Christmann: Gerade im Longtail-Bereich gibt es unglaublich viele interessante Angebote, und es kommen ja ständig neue hinzu. Unsere Vision ist es, dieses Angebot zusammen mit den weiteren Bewegtbildbereichen in einer Währung abzubilden und mit einer technischen Infrastruktur kaufbar zu machen – und das idealerweise mit einem intelligenten programmatischen Ansatz.
Goldbach ist in Deutschland schon länger mit Goldbach Interactive am Markt. Sehen Sie hier Synergieeffekte?

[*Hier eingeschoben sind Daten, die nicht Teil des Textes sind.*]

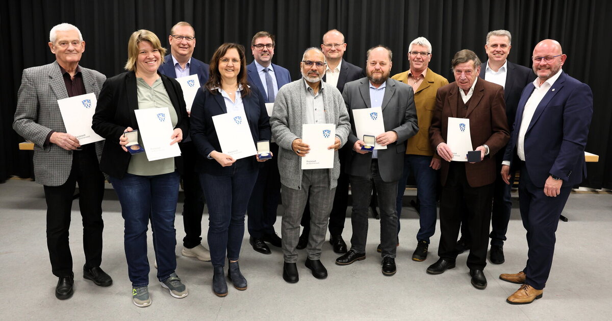 Die Ehrenplakette in Bronze für mindestens 15 Jahre kommunalpolitisches Engagement erhielten Guido Funk (CDU), Katja Kamenik (SPD), Ahmad Muzaffar Mahmood (Ausländerbeirat) und Dieter Frey (FFH). Mit der Ehrenplakette in Silber für mindestens 20 Jahre in kommunalpolitischen Gremien wurden Melanie Dörr und Matthias Lachmann (beide CDU) ausgezeichnet.

Nadler: Absolut. Performance-Agenturen sind gerade in aller Munde. Goldbach Interactive ist einer der wenigen neutralen Dienstleister, den es in diesem Bereich noch gibt, die meisten anderen wurden ja von den großen Agentur-Netzwerken übernommen. Der Performance-Bereich hat aus sich heraus noch ein großes Wachstumspotential, ein wichtiger Punkt wird aber auch sein, Werbeflächen zukünftig crossmedial anzubieten. Goldbach Germany und Goldbach Interactive können sich hier sehr gut ergänzen.
Ein entscheidender Punkt wird sein, wie die Mediaagenturen auf Ihren Ansatz reagieren. Gab es schon Gespräche?

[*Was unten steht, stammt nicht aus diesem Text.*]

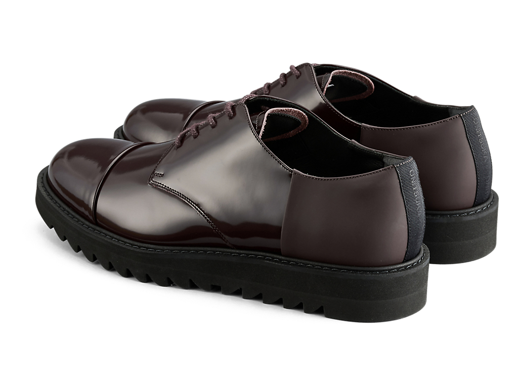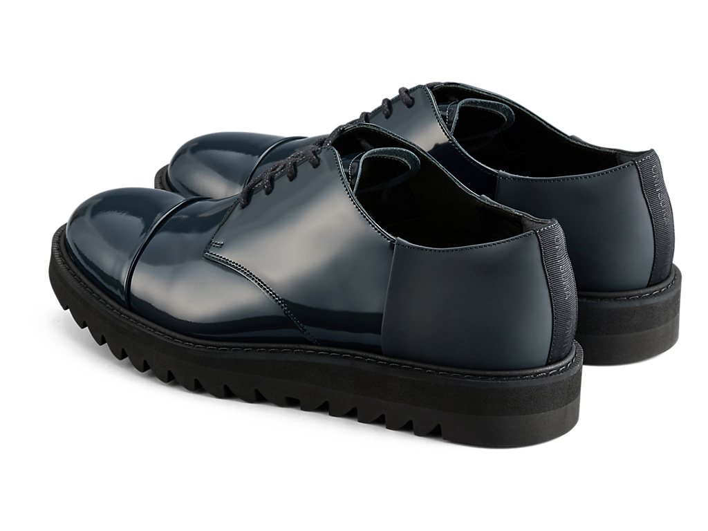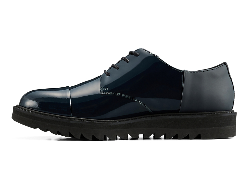 オーセンティックでタイムレスなデザインに甲ゴムを追加しフィット性を高めたダービーシューズ。

Krapf: Natürlich, wir haben mit fast allen wichtigen Agenturen schon gesprochen. Das Schöne ist, dass sie die gleichen Themen wie wir auf dem Schreibtisch haben und die Marktentwicklung ganz ähnlich einschätzen. Wir haben die tolle Chance, gemeinsam Modelle zu entwickeln, auf die der Markt dringend wartet. Es geht um Automatisierung und Meßbarkeit, es geht darum, das komplette Bewegtbild-Angebot effizient vermarktbar zu machen. Die Mediaagenturen suchen Partner, mit denen sie neue Konzepte testen und entwickeln können. Deswegen sind sie für uns auch ein ganz wesentlicher Erfolgsfaktor.
Christmann: Ich glaube, in uns wird auch ein bisschen die Hoffnung gesetzt, Wegbereiter für einige Themen sein zu können, die im Markt draußen gerade so in der Luft schweben. Wir werden nichts im stillen Kämmerlein entwickeln, sondern immer wieder Rücksprache halten und schauen, passt das rein in die Welt und die existierenden Infrastrukturen.
Frank: Für mich ist das ein ganz entscheidender Punkt. Vom Markt etwas weg zu entwickeln, ist schlicht ineffizient. Der Reiz von Goldbach Germany ist, dass wir die Chance haben, etwas auf der grünen Wiese zu entwickeln, das eben genau dem entspricht, was der Markt braucht und will. Wir können die Dinge frei entwickeln, wir haben keinen Rucksack mitzuschleppen, wir müssen nicht bestehende Systeme modifizieren und Modelle aus unseren eigenen Medien heraus entwickeln. Ich sehe in unserer Neutralität wirklich einen ganz entscheidenden Vorteil. Es wäre überheblich, zu sagen: Wir kommen jetzt nach Deutschland, um den Markt zu revolutionieren. Wer sind wir, so etwas zu sagen? Wir haben vielmehr Spaß daran, offene Gespräche mit Kunden, Agenturen und der Presse zu führen. Wir wollen hier gemeinsam etwas entwickeln, was für den Markt insgesamt gut ist.